Densho Digital Archive
Bainbridge Island Japanese American Community Collection
Title: Tatsukichi Moritani Interview
Narrator: Tatsukichi Moritani
Interviewer: Frank Kitamoto
Location: Bainbridge Island, Washington
Date: February 25, 2006
Densho ID: denshovh-mtatsukichi-01-0011

<Begin Segment 11>

FK: So did you run into any problems when you went out of camp, like when you went out to work, or back in Chicago, as far as racial relations or anything like that, or people being suspicious because you were Japanese?

TM: No. Not a bit of that stuff.

FK: Well, tell me about being in Chicago.

TM: Well... hot in the winter -- hot in the summer and cool in winter, I guess.

FK: What did you do in Chicago?

TM: I worked in a machine shop.

FK: Were there quite a few guys that you knew that were in Chicago with you, or were you pretty much there on your own?

TM: Yeah, pretty much on my own. I noticed a few Bainbridge guys came in and, came and... they came and they left. They stayed a while and then went back, if they didn't get drafted.

FK: So how did you get a job in the machine shop in Chicago?

TM: I don't know, you just apply for it, I guess. They got all kinds of employment agencies, paying twenty dollars' worth, getting a job, I guess. And there's Department of Labor and all that.

FK: Now, in order to get out of concentration camp and go to someplace like Chicago, was there some paperwork you had to fill out? Did they keep track of you? What happens when you do that?

TM: Yeah, really, I didn't... I didn't really head for Chicago, I headed first to a place called Boone, Iowa, where the chick-sexing school. That's, I got clearance to go there. But then I, I quit the school. Then I had to go somewhere, didn't want to go back to camp, so I went to Chicago. That's where my brother was, so I moved in with him.

[Interruption]

FK: I was wondering, what is, you said you went to chicken sex, chicken sex school?

TM: Yeah, chick sexing.

FK: Yeah, tell me about that. What is that?

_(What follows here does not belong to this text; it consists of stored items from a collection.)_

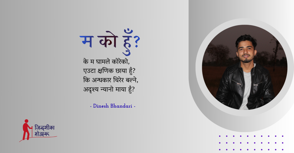 कसैले भने मान्छे हुँ म,सृष्टिको एक सुन्दर रचना,कसैले भने व्यर्थ छु म,केवल एक रित्तो सपना । परिभाषा खोज्दा खोज्दै,परिचय नै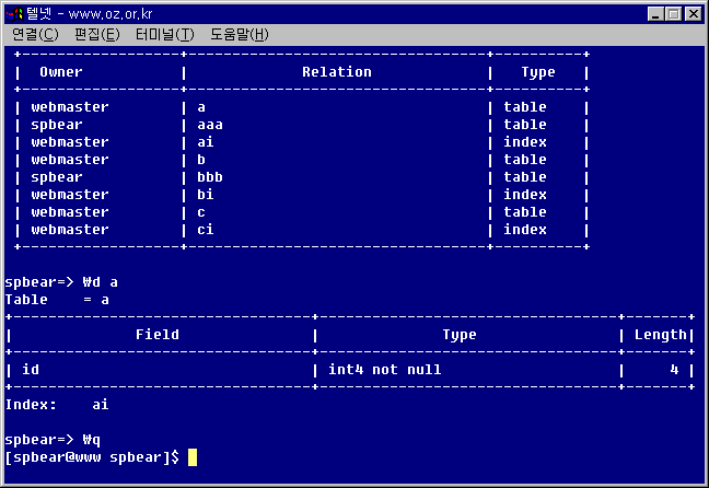 | \dt | 데이터베이스내의 테이블의 리스트만 표시해 준다. |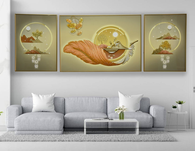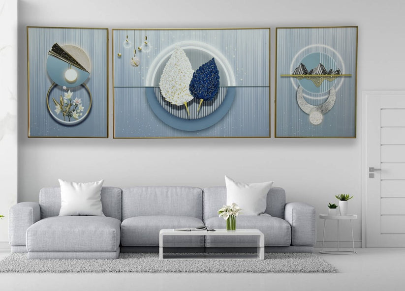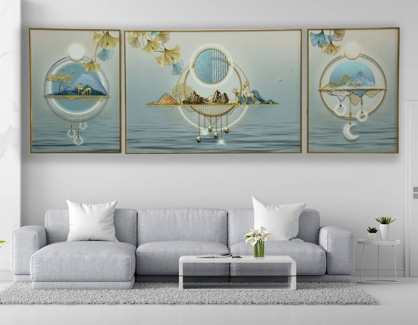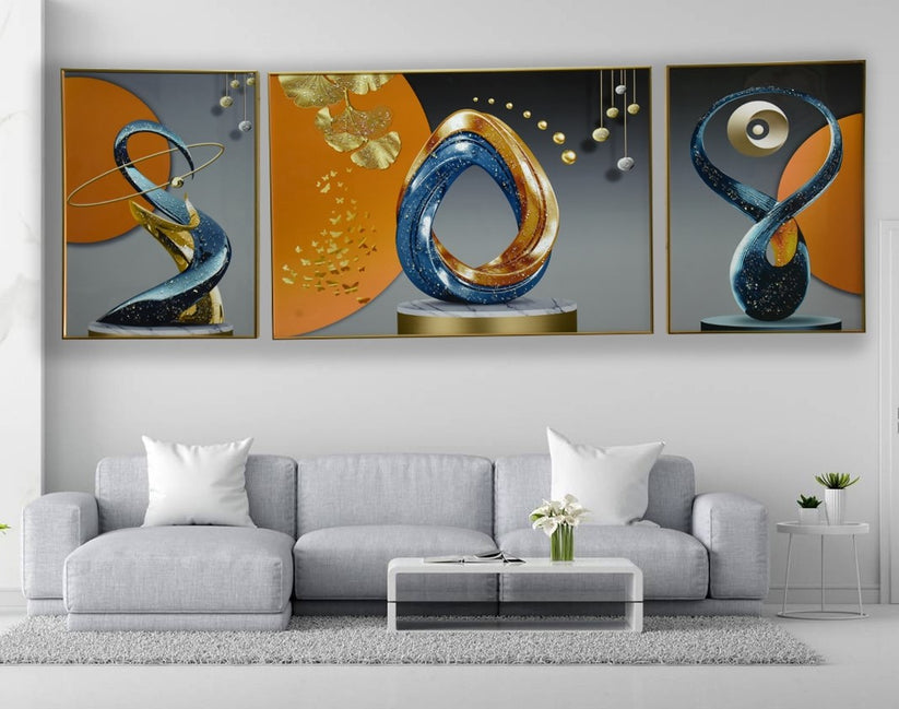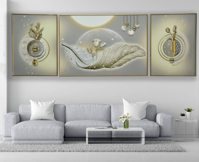 MODERN CRYSTAL GLASS PAINTING (SET OF 3)-GOLD FRAME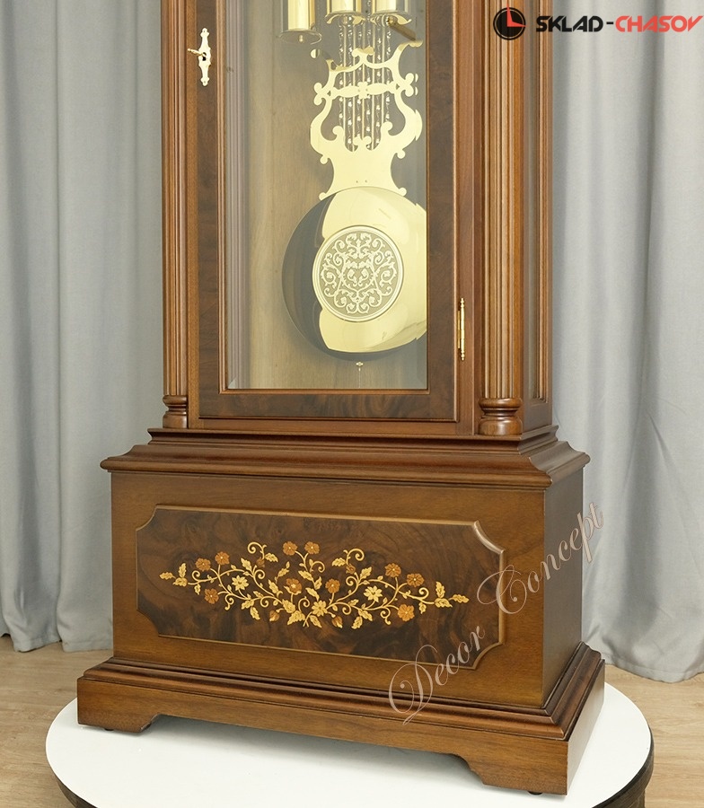 Тонирование деревянного корпуса напольных часов выполнено в цвете - орех;
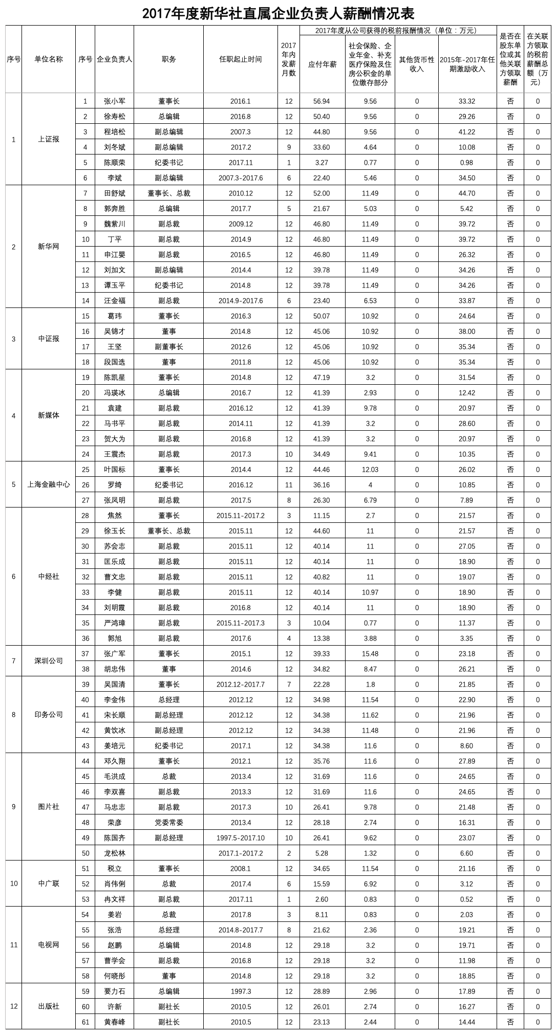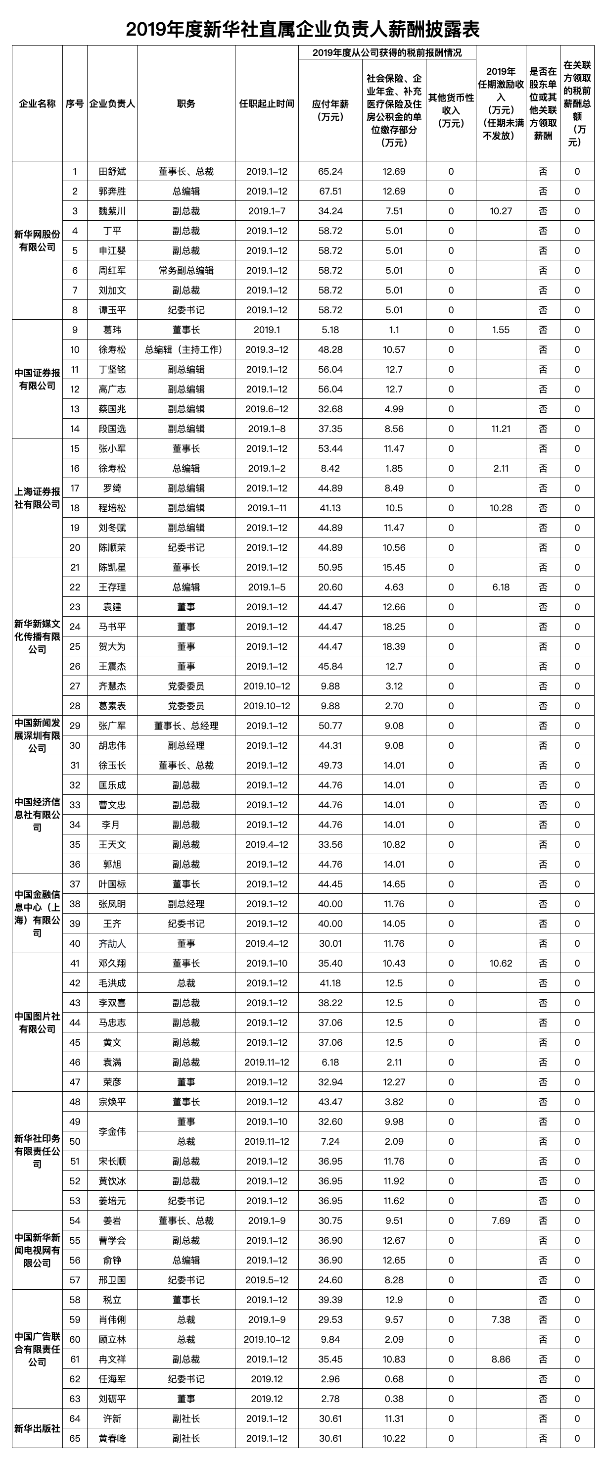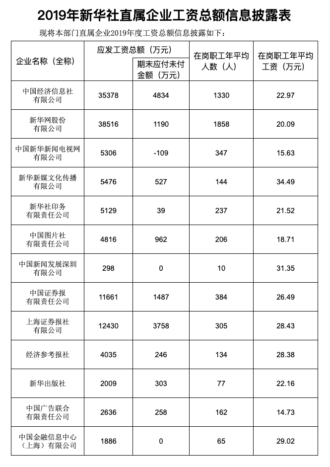 2019年新华社直属企业工资总额信息披露表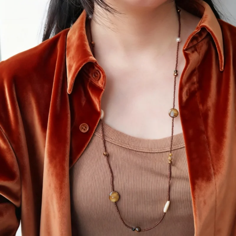 Lange handgemachte Halskette für Frauen Herbst und Winter neue Maillard-Farbe Muschel Perlen Pullover Kette Schmuck mit Geschenktüte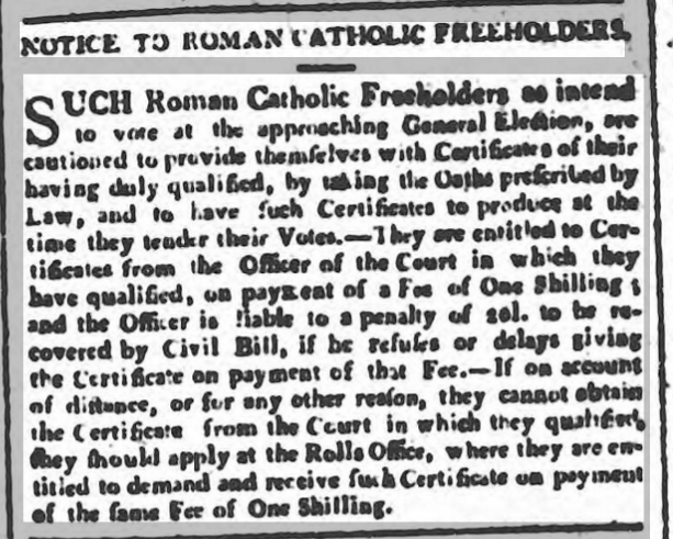 1806, Irish Roman Catholic Freeholders Entitled to Vote on Court Registration and payment of Fee 16 Friday Oct 2015 Posted by durrushistory in Uncategorized ≈ Leave a comment 1806, Irish Roman Catholic Freeholders Entitled to Vote on Court Registration and payment of Fee. It may be that all freeholders had to register as the franchise was very restricted. Share this: Share on X (Opens in new window) X More Share on Facebook (Opens in new window) Facebook Like Loading...

TM: When they hatch a bunch of chicks, they don't know what, what it's gonna be, a pullet or a cockerel. And then wanna keep the pullets because they lay eggs, but the cockerels, they don't want because they're roosters. So the hatchery wanted to separate 'em and then they sell them separately. The roosters go to the fryer market, I guess. They're kept separate, anyway. And then the pullets would go to lay eggs, so they separate 'em day-old, I guess, and then and we'd tell 'em if they're pullets or roosters. Then they get paid. They paid for, get paid for each one, for separating them, I guess. There used to be a guy in Manzanar that lived in Block 3, that was a chick-sexer. And he got in, he used to get these Bainbridge guys together and I don't know if it even occurred to him, but he talked like it was a good profession to get into. It was not much work, but it paid good.

FK: Why did you decide to drop out of chick-sexing school?

TM: Oh, my hands were... weren't, they were too clumsy for that kind of stuff. But the Okazaki boys and Yosh Katayama -- they went to a different place -- but they became chick sexers. George Okazaki, I think he's an official in the Chick Sexing Association in, back in Philadelphia. I don't know how many of the Okazaki boys were sexers themselves, but I think there were several of them.